Orçado em R$ 3,6 bilhões, viria a somar-se às verbas já existentes do
fundo partidário (R$ 819 milhões neste ano) e aos valores que, por meio
de renúncia fiscal, são destinados ao pagamento do tempo de propaganda
no rádio e na TV, indevidamente conhecido como "horário eleitoral
gratuito".
Num país que passa por notórias e gravíssimas dificuldades no
prosseguimento de programas sociais e de investimento, a ideia de
multiplicar as verbas à disposição das máquinas partidárias só pode ser
recebida com repúdio.
Compreende-se, por certo, que uma democracia moderna não funciona sem
acarretar elevados custos à sociedade. Até recentemente, os recursos
destinados às candidaturas provinham, em maior medida, das doações
–legais ou não– de grandes financiadores privados, como empreiteiras.
As distorções desse sistema se revelaram à luz do dia, tendo inspirado
resolução do Supremo Tribunal Federal proibindo participação financeira
de pessoa jurídica nas arrecadações partidárias.
A presença de doadores corporativos na vida política não tem, todavia,
por que ser considerada indesejável. Faltaria, sobretudo, uma
regulamentação capaz de evitar os abusos que, evidentemente, se
produziram até agora.
Um limite severo para as contribuições de cada empresa, em particular,
reduziria de modo considerável os riscos da concentração e do abuso do
poder econômico.
Na outra ponta do processo, regras mais austeras quanto aos gastos
permitidos em campanha tenderiam a diminuir os desequilíbrios entre
candidaturas e sua necessidade crescente de recursos.
Em vez disso, optou-se pelo caminho de cobrar o cidadão pela propaganda que lhe é impingida.

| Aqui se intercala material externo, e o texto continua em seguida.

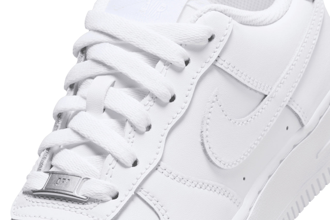 Iconic AF1 design: Clean, classic white leather that never goes out of style.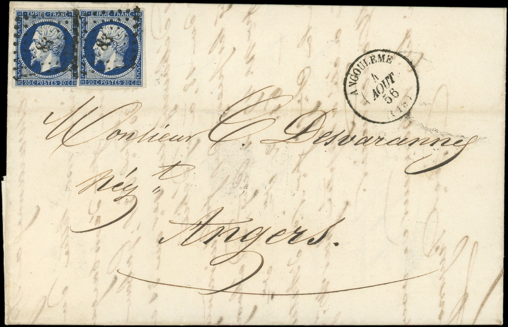 NOIR, T I, 2 ex. obl. PC 83 s. LAC, càd T15 ANGOULEME 4/8/56, arr. ANGERS 5/8, Superbe (Image)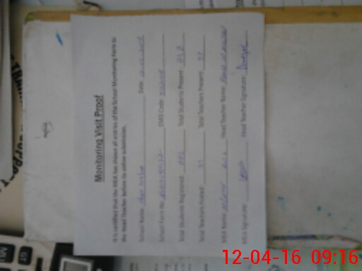 | Attendance Register | Head Teacher | MEA with School | Visit Proof |
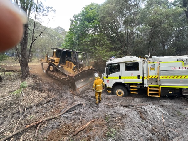 DAYTIME: Difficult terrain bogging Yallingup Rural truck; Recovery operation with heavy tracked machinery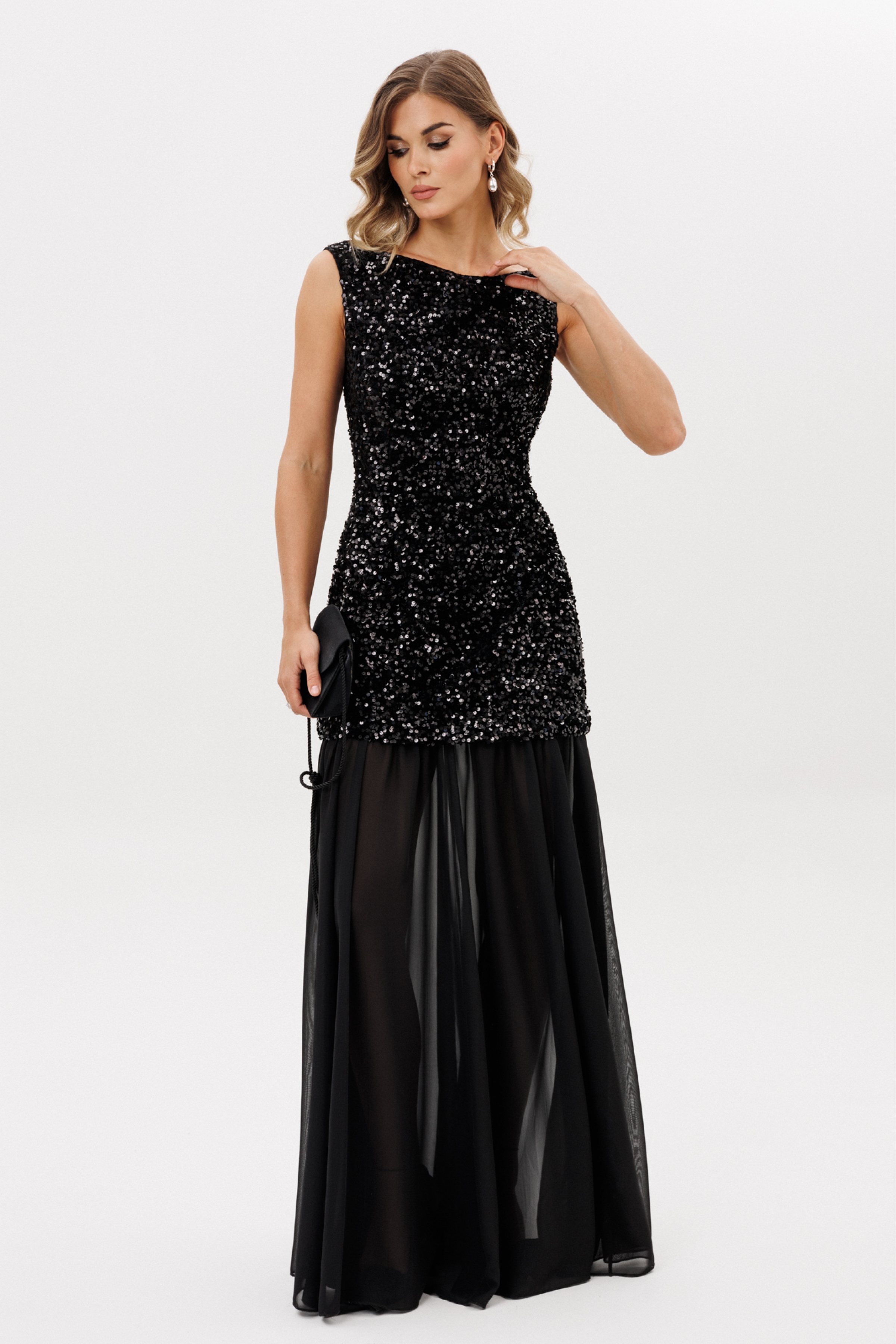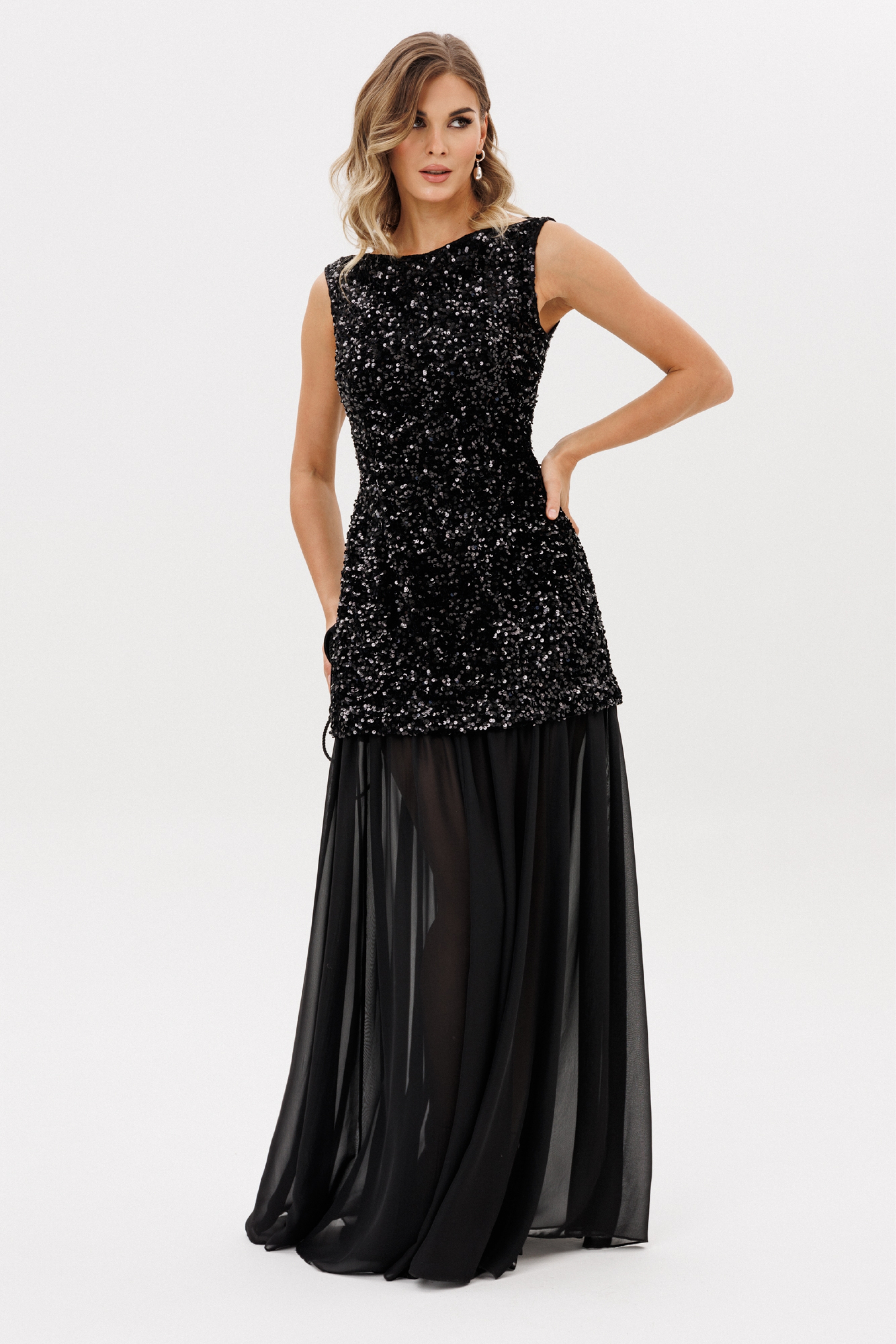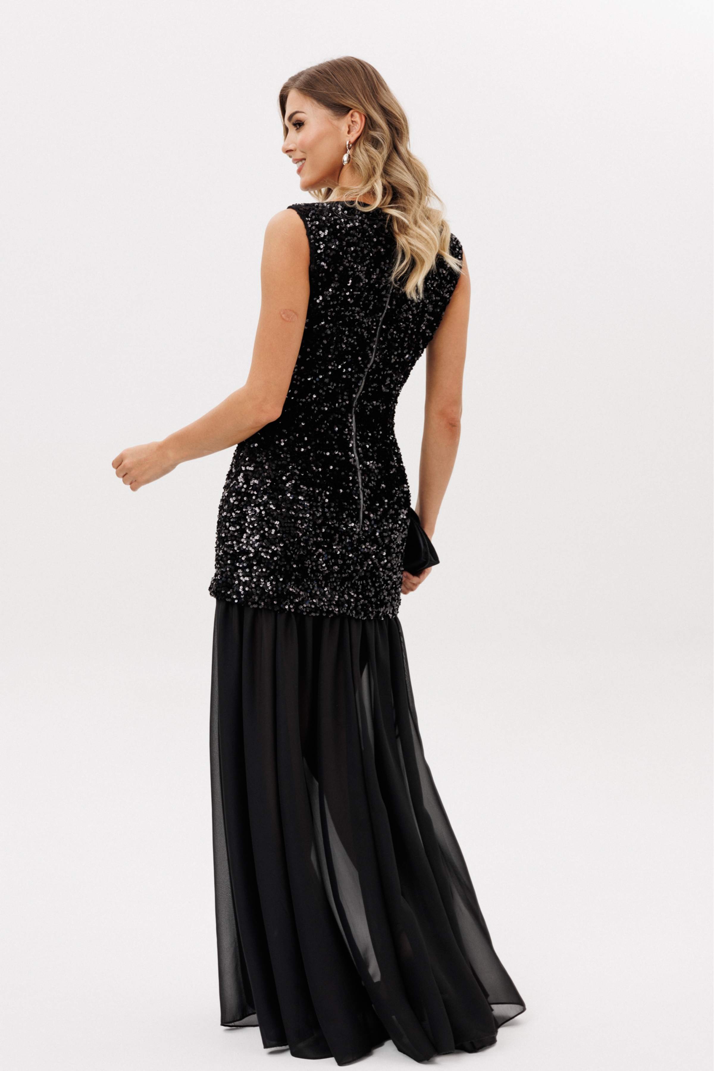 Платье выполнено из барахата с пайетками. Платье Х-образного силуэта, длиной в пол. Верх платья выполнен в виде приталенного платья длиной ниже линии бедер. Застежка на молнию с металлическими звеньями сзади в среднем шве спинки. Плечевой шов заужен. Горловина формы "лодочка". Нижняя часть платья выполнена из шифона и состоит из 8 клиньев. Верх платья на притачной по низу подкладке.

Este se revela, sem dúvida, um objetivo central da reforma política em
debate. Outro, decerto, é preservar as chances de reeleição dos atuais
parlamentares.
Um segundo ponto de importância no relatório a ser votado na Câmara é o chamado distritão
, projeto caro ao presidente Michel Temer e a seu PMDB. O novo sistema é
apresentado como passo preparatório para a adoção do voto distrital
misto, prometida para 2022.
As alegadas vantagens do distritão, se comparado à prática atual, seriam
basicamente a de sua simplicidade e transparência. Prevaleceria o
princípio de que, nas eleições para cargos proporcionais, saem
vencedores os candidatos mais sufragados, eliminando-se a transferência
de votos dentro de cada partido ou coligação.
Como se sabe, no sistema vigente é comum que um candidato especialmente
popular obtenha muito mais votos dos que os necessários para vencer; as
"sobras" de sua votação se reorientam, desse modo, para seus demais
companheiros de chapa, por vezes incapazes de atrair, por si mesmos,
mais do que algumas centenas de eleitores.

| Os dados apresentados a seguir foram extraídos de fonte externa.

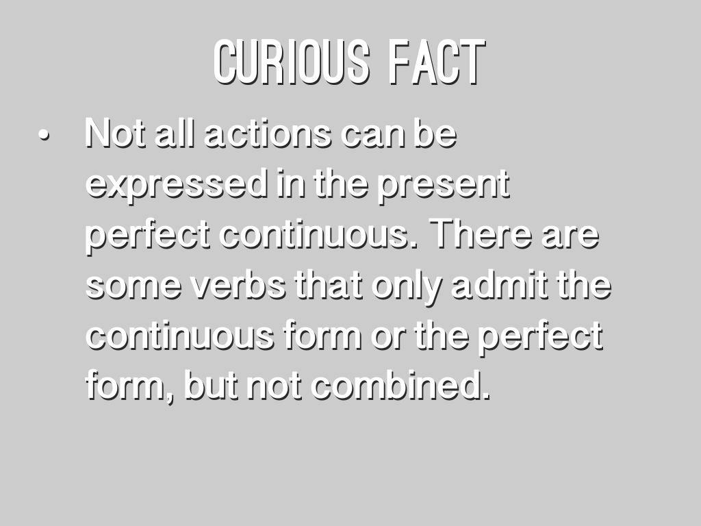 • Not all actions can be expressed in the present perfect continuous. There are some verbs that only admit the continuous form or the perfect form, but not combined.

Impedindo a eleição de candidatos com baixíssima representatividade, o
que é correto, o distritão incorre no exagero oposto –personaliza ao
extremo as candidaturas –com vantagem para os nomes conhecidos pelo
público–em detrimento dos partidos, já demasiado frágeis no país.
O voto distrital misto –pelo qual o eleitor escolhe um candidato de seu
distrito e outro de uma lista aberta em seu Estado– seria o sistema
capaz de reequilibrar as exigências da proporcionalidade e da clareza na
representação política.
Ainda que de viabilização técnica relativamente complexa, não haveria
motivos para imaginar uma etapa intermediária antes de aprová-lo, no
mais tardar, para as eleições gerais de 2022.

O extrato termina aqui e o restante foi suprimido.